There will also be a $100,000 second-place prize and a $50,000 third-place prize in the final round of the contest, and the top three teams in the qualifying round will split a $50,000 prize, too.
You can learn more about registering and competing for the Zillow Prize at www.zillow.com/zprize. Humphries says he’s been “delighted” so far with the reaction, which was swift and enthusiastic.
“We’re excited to harness the global data science community to improve something that’s going to be used by consumers,” he said.
Zestimate in the news
The Zestimate has been in the news lately due to a couple of lawsuits filed by Illinois real estate attorney Barbara Andersen. Earlier in May, Andersen filed suit against the company because she said the Zestimate on a condo she was trying to sell undervalued the property by about $100,000.
Andersen then dropped her initial suit in order to file a class-action lawsuit on behalf of a developer in Illinois; she will be representing any plaintiffs in the suit.
“To homeowners, sellers and buyers, the Zestimate home valuation remains an important data point. Combined with other information, like recent home sales, and the guidance of real estate professionals, the Zestimate helps consumers make smarter financial decisions about their homes,” stated Zillow in its press release about Zillow Prize.

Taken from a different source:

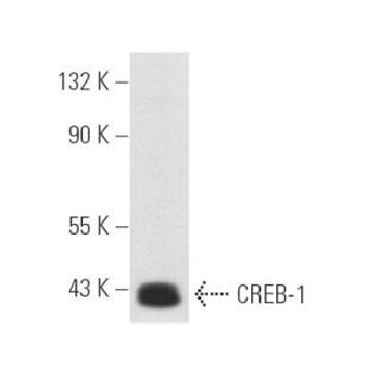 mouse monoclonal IgG2b; CREB-1 Antibody (24H4B) is an IgG2b κ mouse monoclonal CREB-1 antibody (also designated CREB-1 antibody or CREB antibody) that detects CREB-1A and CREB-1B of mouse, rat and human origin by WB, IP and IF. CREB-1 Antibody (24H4B) is available as the non-conjugated anti-CREB-1 antibody form, as well as multiple conjugated forms of anti-CREB-1 antibody, including agarose, HRP, PE, FITC and multiple Alexa Fluor® conjugates. Eukaryotic gene transcription is regulated by sequence-specific transcription factors that bind modular cis-acting promoter and enhancer elements. The ATF/CREB transcription factor family binds the palindromic cAMP response element (CRE) octanucleotide TGACGTCA. The ATF/CREB family includes CREB-1, CREB-2 (also designated ATF-4), ATF-1, ATF-2 and ATF-3. This family of proteins contains highly divergent N-terminal domains, but shares a C-terminal leucine zipper for dimerization and DNA binding. Although CREB can bind to DNA in an unphosphorylated state, it cannot activate transcription. Phosphorylation of CREB on Ser 133 by protein kinase A facilitates its interaction with the CREB-binding protein (CBP) and activates the basal transcription complex. CREB functions in neoglucogenesis through interactions with the nuclear coactivator PGC-1. CREB may play a role in the pathogenesis of type II diabetes and dilated cardiomyopathy.
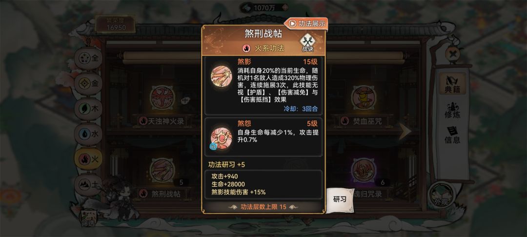 火老李: ①装备:修罗套 ②法宝:赤血剑坯(如图三)主法宝用火系三阶,但是技能一定要用二阶火系火铜或者火骨③道兵:月落孤影 (如图四) ④技能:煞刑战帖+赤冥神功(如图二图五)

In the release, Zillow said that it publishes Zestimates on more than 110 million homes based on 7.5 million “statistical and machine learning models.” Data points for the Zestimate come from “county and tax assessor records, and direct feeds from hundreds of multiple listing services and brokerages,” according to Zillow.
“Additionally, homeowners have the ability to update facts about their homes and see an immediate change to their Zestimate. More than 70 million homes on Zillow have been updated by the community of users,” Zillow stated in the release.